Step 5: View database and table information
-
Connect the EMR Serverless StarRocks instance. For details, see Connect StarRocks instance (client mode) 。 -
Execute the following command to query database information. show databases; The return information is shown below. +--------------------+ | Database | +--------------------+ | _statistics_ | | information_schema | | flink_cdc | +--------------------+ 3 rows in set (0.00 sec) -
Query data table information.
Step 6: Verify the inserted data
-
use Step 1: Create a MySQL source data table Connect the test account created in to the MySQL instance. Please refer to Log in to RDS MySQL through DMS 。 -
Execute the following command in the RDS database window to insert data into the tables orders and customers.
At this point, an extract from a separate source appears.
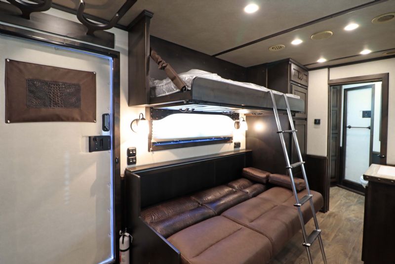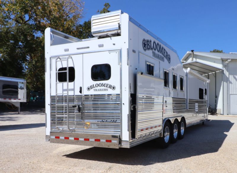 Call or Text Dave 314-498-9891 Email Dave@SOMTrailers.com Built to haul five horses in luxury and comfort. This New 2026 Bloomer 4+1 Horse Side Load Gooseneck Trailer features a premium 15'9'' Trail Boss Living Quarters, an XL rear stall for 5-horse capacity, and fully loaded upgrades throughout. Trailer Specifications Configuration: 4+1 Horse Side Load with XL Rear Stall Hauls 5 Dimensions: 35'8'' Floor Length 8 Wide 76 Tall Axles: Triple 8,000 lb HD Axles with Hydraulic Brakes Wheels/Tires: 17.5'' Alcoa Aluminum Wheels with 18-Ply Continental Tires Construction: All-Aluminum, Fully Insulated Exterior: White with Fully Polished Extruded Sides, Posts & Top Rail + Stainless Steel Nose Key Features: XL Rear Stall with 56'' Load Door 5-Horse Setup Integrated Hay Pod 78'' Hydraulic Slide-Out Dual Hydraulic Jacks Huge Rear Tack with Shelving, Medicine Cabinet & Combo Locks Drop-Down Head and Tail Windows Swing-Style Feed Doors Head Side European Frameless LQ Windows Mangers Under 4 Stalls Escape Door with Integrated Manger First Stall Stud Divider Keyless Entry on LQ and Tack Doors Walk-Through Door into Living Quarters Side Ramp Rear Mats Included Double Rear Doors Spare Tire Manufacturer Warranty Included 15'9'' Trail Boss Living Quarters Slide-Out: 78'' Hydraulic Slide Room Sleeping Capacity: Sleeps 6 Queen Mattress Sofa Sleeper Dinette Sleeper Fold-Down Bunk Interior Finishes: Hardwood Cabinets and Moldings Genuine Leather Sofa Yokes and Designer Valances Designer Tacks and Knobs Custom Backsplash & Backlit Countertops Wooden Hat Racks Pocket Sliding Screen Door Pocket Door into Bathroom Two Floor-to-Ceiling Wardrobe Closets Kitchen & Appliances: 6.0 cu. ft. Refrigerator Microwave Recessed Cooktop Single Kitchen Sink Onan Generator Bathroom Amenities: 32 Radius Shower Stall Vanity with Porcelain Sink Linen Closet Toilet Full Walk-Through Access Climate & Entertainment: Ducted 15K BTU A/C Unit Heat System AM/FM/CD/TV Antenna/DVD Flat-Screen TV with DVD Player Inside and Outside Speakers 18' Electric Awning with Protective Shield Dimensions Recap Floor Length: 35'8'' Width: 8' Height: 7'6'' |

INSERT INTO flink_cdc.orders(order_id,order_revenue,order_region,customer_id) VALUES(1,10,"beijing",1); INSERT INTO flink_cdc.orders(order_id,order_revenue,order_region,customer_id) VALUES(2,10,"beijing",1); INSERT INTO flink_cdc.customers(customer_id,customer_age,customer_name) VALUES(1, 22, "emr_test"); -
Connect the EMR Serverless StarRocks instance. For details, see Connect StarRocks instance (client mode) 。 -
Execute the following command to query the ODS layer data. -
Execute the following command to query DWD layer data. -
Execute the following command to query DWS layer data.